THE INPUT Start Marker

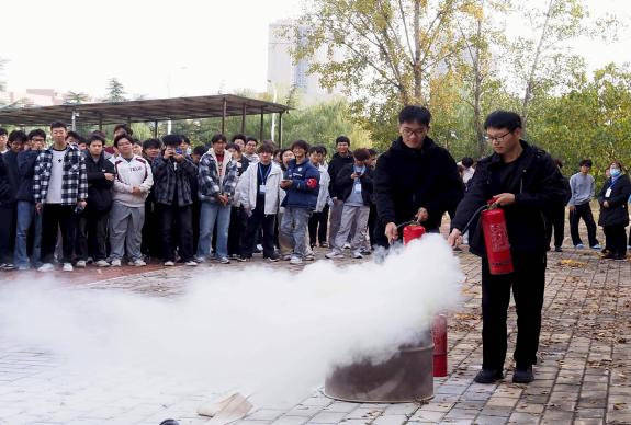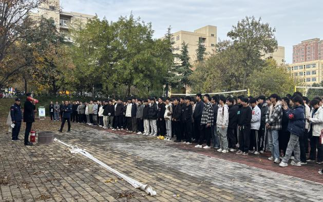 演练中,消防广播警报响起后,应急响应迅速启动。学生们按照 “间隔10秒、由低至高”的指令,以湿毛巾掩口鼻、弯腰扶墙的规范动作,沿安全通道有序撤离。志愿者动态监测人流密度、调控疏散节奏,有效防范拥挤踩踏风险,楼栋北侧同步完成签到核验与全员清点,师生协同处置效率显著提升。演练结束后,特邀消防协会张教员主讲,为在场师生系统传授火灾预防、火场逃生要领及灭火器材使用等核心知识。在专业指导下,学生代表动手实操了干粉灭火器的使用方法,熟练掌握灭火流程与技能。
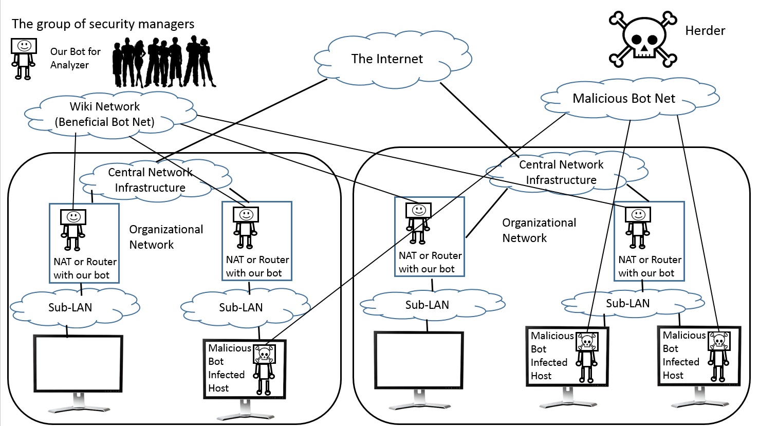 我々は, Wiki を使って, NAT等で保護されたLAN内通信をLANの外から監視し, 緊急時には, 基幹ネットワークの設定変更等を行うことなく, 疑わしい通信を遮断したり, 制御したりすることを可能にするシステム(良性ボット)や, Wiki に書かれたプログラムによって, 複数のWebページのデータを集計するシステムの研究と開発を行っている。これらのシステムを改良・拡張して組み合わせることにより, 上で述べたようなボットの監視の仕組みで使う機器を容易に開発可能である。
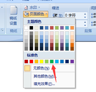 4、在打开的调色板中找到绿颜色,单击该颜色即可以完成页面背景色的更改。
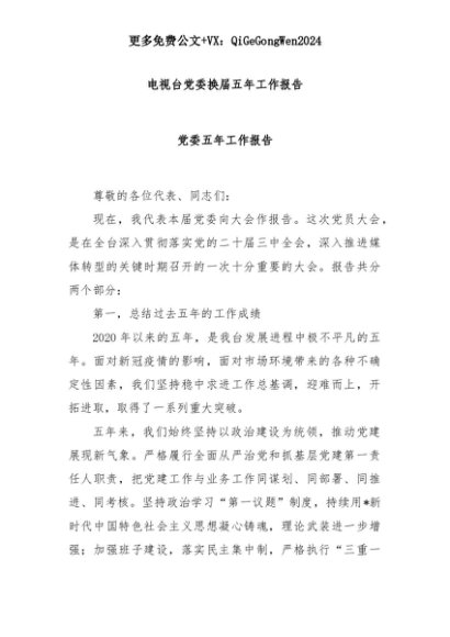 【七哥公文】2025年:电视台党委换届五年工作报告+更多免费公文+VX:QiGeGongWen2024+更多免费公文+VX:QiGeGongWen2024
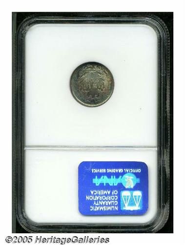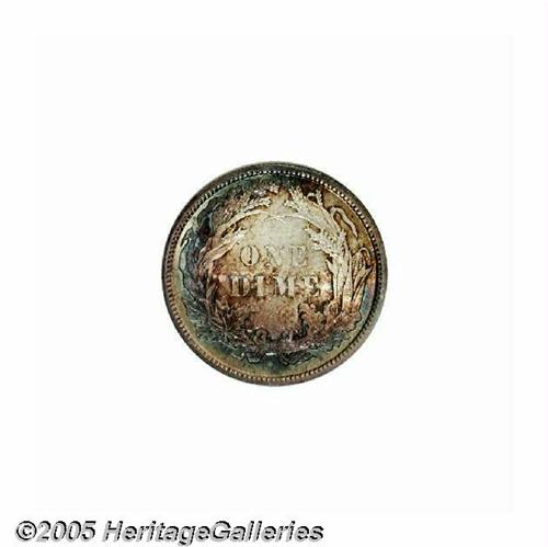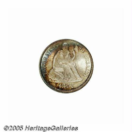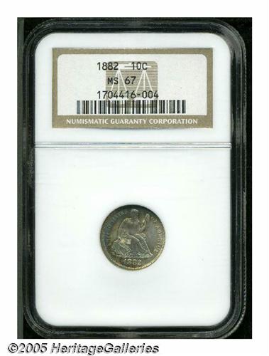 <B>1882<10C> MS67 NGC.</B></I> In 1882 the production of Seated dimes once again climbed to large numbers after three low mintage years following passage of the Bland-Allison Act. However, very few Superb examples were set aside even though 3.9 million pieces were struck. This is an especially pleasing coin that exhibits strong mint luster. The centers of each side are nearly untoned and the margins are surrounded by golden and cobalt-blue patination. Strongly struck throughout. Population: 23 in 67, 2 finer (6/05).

THE INPUT End Marker

In your copy of the records above, include every line exactly but no pictures.

 演练中,消防广播警报响起后,应急响应迅速启动。学生们按照 “间隔10秒、由低至高”的指令,以湿毛巾掩口鼻、弯腰扶墙的规范动作,沿安全通道有序撤离。志愿者动态监测人流密度、调控疏散节奏,有效防范拥挤踩踏风险,楼栋北侧同步完成签到核验与全员清点,师生协同处置效率显著提升。演练结束后,特邀消防协会张教员主讲,为在场师生系统传授火灾预防、火场逃生要领及灭火器材使用等核心知识。在专业指导下,学生代表动手实操了干粉灭火器的使用方法,熟练掌握灭火流程与技能。
 我々は, Wiki を使って, NAT等で保護されたLAN内通信をLANの外から監視し, 緊急時には, 基幹ネットワークの設定変更等を行うことなく, 疑わしい通信を遮断したり, 制御したりすることを可能にするシステム(良性ボット)や, Wiki に書かれたプログラムによって, 複数のWebページのデータを集計するシステムの研究と開発を行っている。これらのシステムを改良・拡張して組み合わせることにより, 上で述べたようなボットの監視の仕組みで使う機器を容易に開発可能である。
 4、在打开的调色板中找到绿颜色,单击该颜色即可以完成页面背景色的更改。
 【七哥公文】2025年:电视台党委换届五年工作报告+更多免费公文+VX:QiGeGongWen2024+更多免费公文+VX:QiGeGongWen2024
 <B>1882<10C> MS67 NGC.</B></I> In 1882 the production of Seated dimes once again climbed to large numbers after three low mintage years following passage of the Bland-Allison Act. However, very few Superb examples were set aside even though 3.9 million pieces were struck. This is an especially pleasing coin that exhibits strong mint luster. The centers of each side are nearly untoned and the margins are surrounded by golden and cobalt-blue patination. Strongly struck throughout. Population: 23 in 67, 2 finer (6/05).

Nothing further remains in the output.